Leading Nick up another floor, Penda unlocked his door and Nick
pushed him roughly inside. ‘Take a seat,’ Nick advised him.

‘You are who?’ Penda asked walking past his desk to a trolley
stocked with whisky, vodka and white rum. ‘Drink?’

Without waiting for an answer, Ricky poured himself a healthy
whisky, splashed in a touch of chilled soda water he took from a mini fridge.

‘I’m interested in Galina Myla,’ said Nick.

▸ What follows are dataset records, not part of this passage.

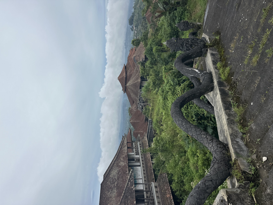 The image depicts an abandoned architectural complex located on a hillside in Mekarsari, Indonesia, under an overcast sky. In the foreground, weathered, dark grey stone steps descend towards the viewer, flanked on the right by a dark, serpentine-shaped stone railing. This railing is textured to resemble scales, exhibits white discoloration, and terminates in a stylized dragon head, with a second, smaller head further down. Small patches of green moss and grass are visible on the steps and railing base. The midground features multiple multi-story buildings with traditional red-tiled roofs, appearing aged and in disrepair. The most prominent structure on the left has open balconies and unglazed window frames, with light-colored walls showing signs of weathering. Another building to the right features a large, conical roof. All structures are heavily encroached upon by dense, wild green vegetation, including trees, bushes, and vines, suggesting a prolonged state of neglect. The background reveals a hilly landscape partially obscured by a thick band of low-lying white clouds or fog, with a pale grey, cloudy sky above. No individuals or active subjects are present in the scene.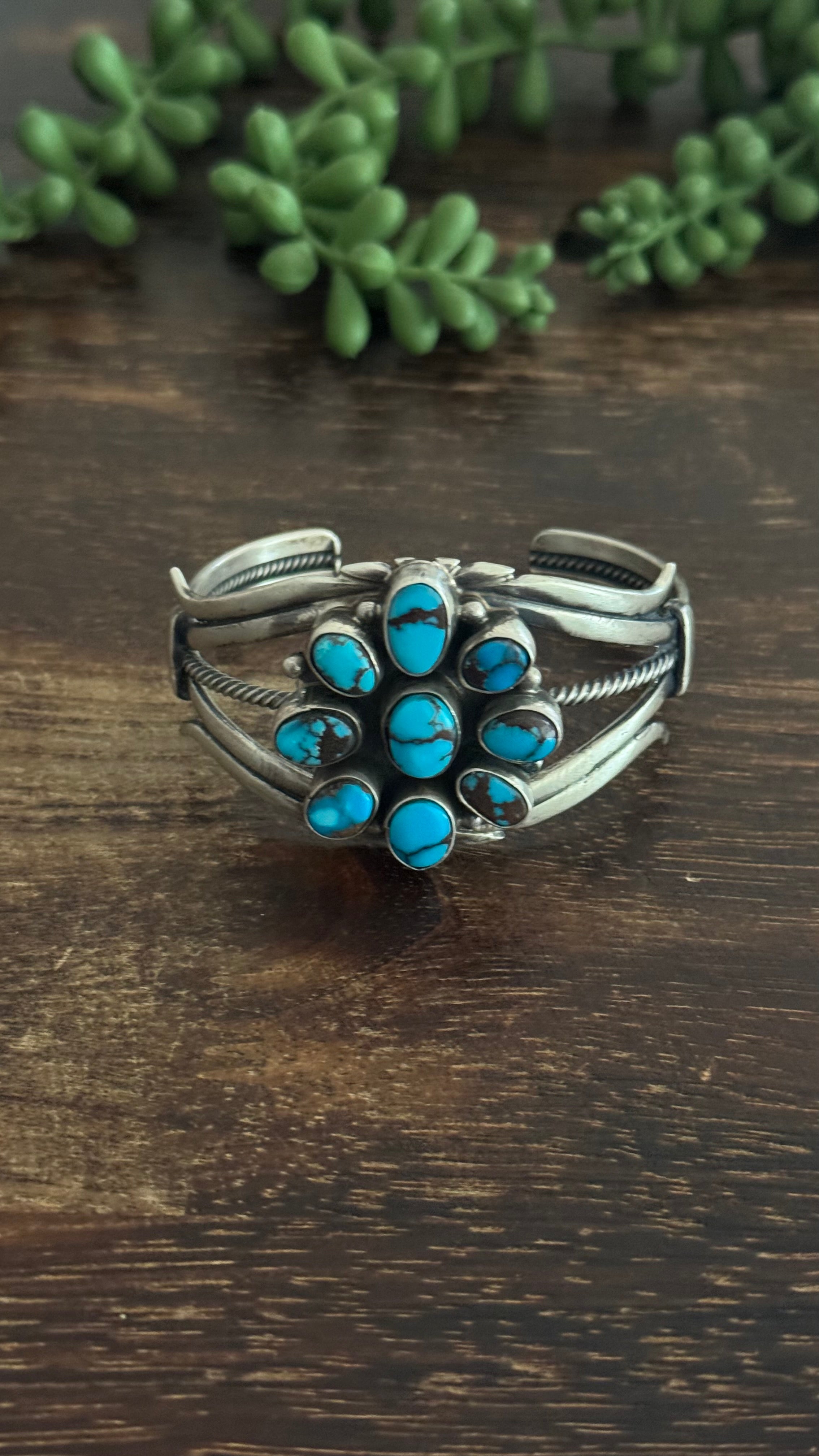 Mark Yazzie Egyptian Turquoise & Sterling Silver Cluster Cuff Bracelet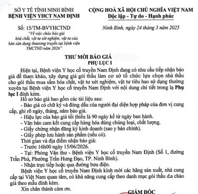 15 Chào báo giá hóa chất, vật tư XN, vật tư tiêu hao sử dụng [...]

In his neat black Savile Row suit, white collarless shirt and
hand-stitched loafers, Ricky Penda was considered a diamond by his friends, of
which he had many. Light and wafer thin there wasn’t an ounce of fat on him.
His flat iron face showed the deep roots of a sunbed tan, his hair forever
short by habit was crew cut, dyed black.

‘Sounds like a form of pox,’ Ricky said, enjoying his drink. He
waved for Nick to take a seat on the type of metal bench railway stations
provided, this one black matching the colour of the office. A converted
projection room done out in black and chrome it bore all the functionality a
visionary businessman would need; filing cabinets, oval desk and furniture all
coordinated to a theme. Two narrow projection windows gave Ricky a view right
into his main room, the former cinema’s auditorium.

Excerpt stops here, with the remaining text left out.